Scientists may glean more hints in future tirzepatide trials. Drucker is looking forward to the results of one tracking outcomes such as heart attack and stroke in thousands of people with type 2 diabetes. That trial, called SURPASS-CVOT, will finish in mid-2025 and could “really give us the details we need to see how effective tirzepatide is in reducing heart disease,” he says.

Even if tirzepatide follows in semaglutide’s heart health–boosting footsteps, both drugs come with some big caveats. Patients can experience diarrhea, nausea, constipation and vomiting.

And as many as half or more of people on the medications stop taking them within a year.
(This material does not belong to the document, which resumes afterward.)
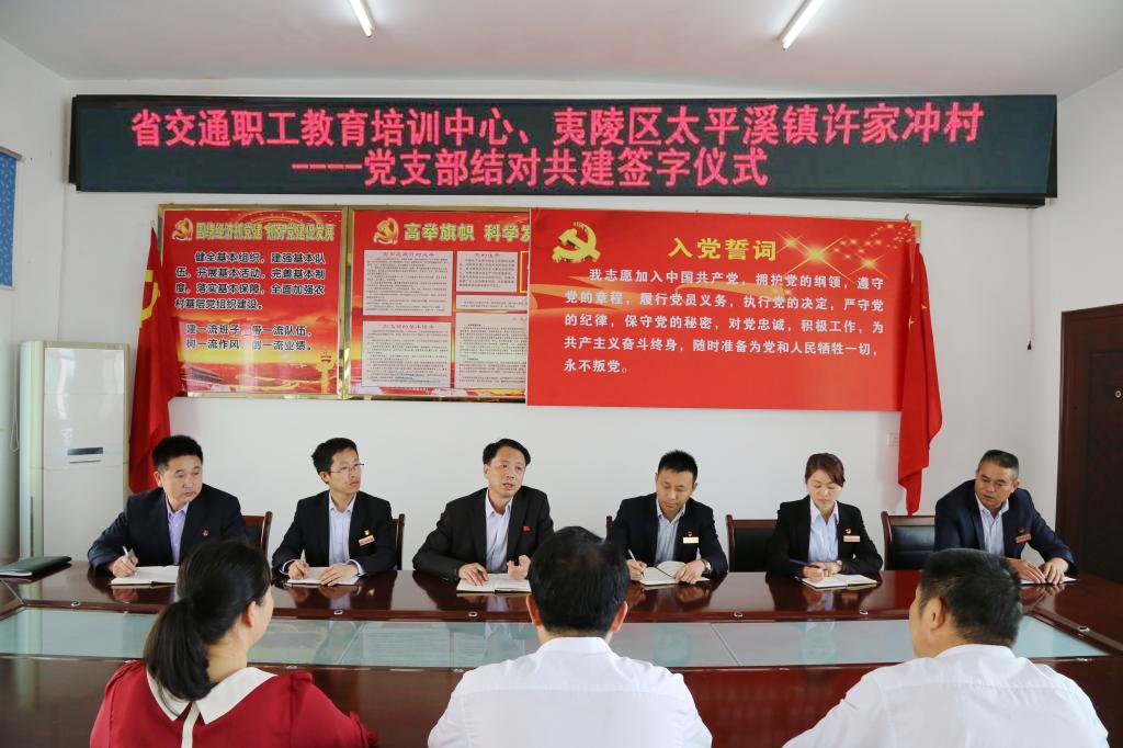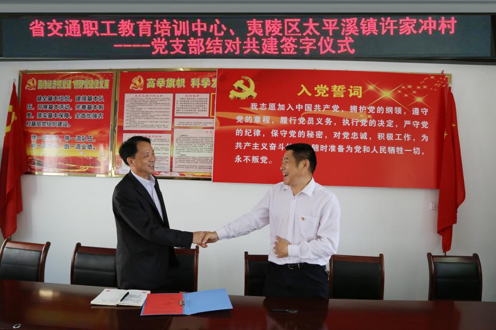 教培中心党支部与许家冲村党支部书记共同签署了结对共建协议书。会上,双方书记及党员代表就本单位在党建工作中的亮点、做法进行了交流,同时表示在今后的共建活动中,将本着“资源共享、优势互补”的原则,切实做好共建活动,共同促进单位发展,提升党建工作水平。下一步双方将围绕助力交通发展、创新党建工作和建设爱国主义教育基地等方面展开工作。

People may quit the drugs because they can’t tolerate them, can’t access them or simply can’t afford them, Yanovski says.

Scientists already know that going off the drug can reverse its weight loss effects. The same is probably true for any heart benefits, said Milton Packer, a cardiologist at Baylor University Medical Center in Dallas who reported the heart failure study results at the meeting.

And it’s not always clear who exactly might benefit from treatment. Clinical trials focus on specific populations of people to determine safety and efficacy, but many individuals outside of these groups are eligible for the drugs, scientists reported November 25 in JAMA Internal Medicine.

Yanovski stresses the importance of doctors working closely with patients after prescribing the medications. Physicians should be watching for how well patients are tolerating the drugs and when is safe to move up to a higher dose. But many people are getting these drugs online, making that kind of care difficult, she says. You want a clinician who knows your medical history and can talk about risks and benefits, Yanovski says — someone who can “really follow your health.”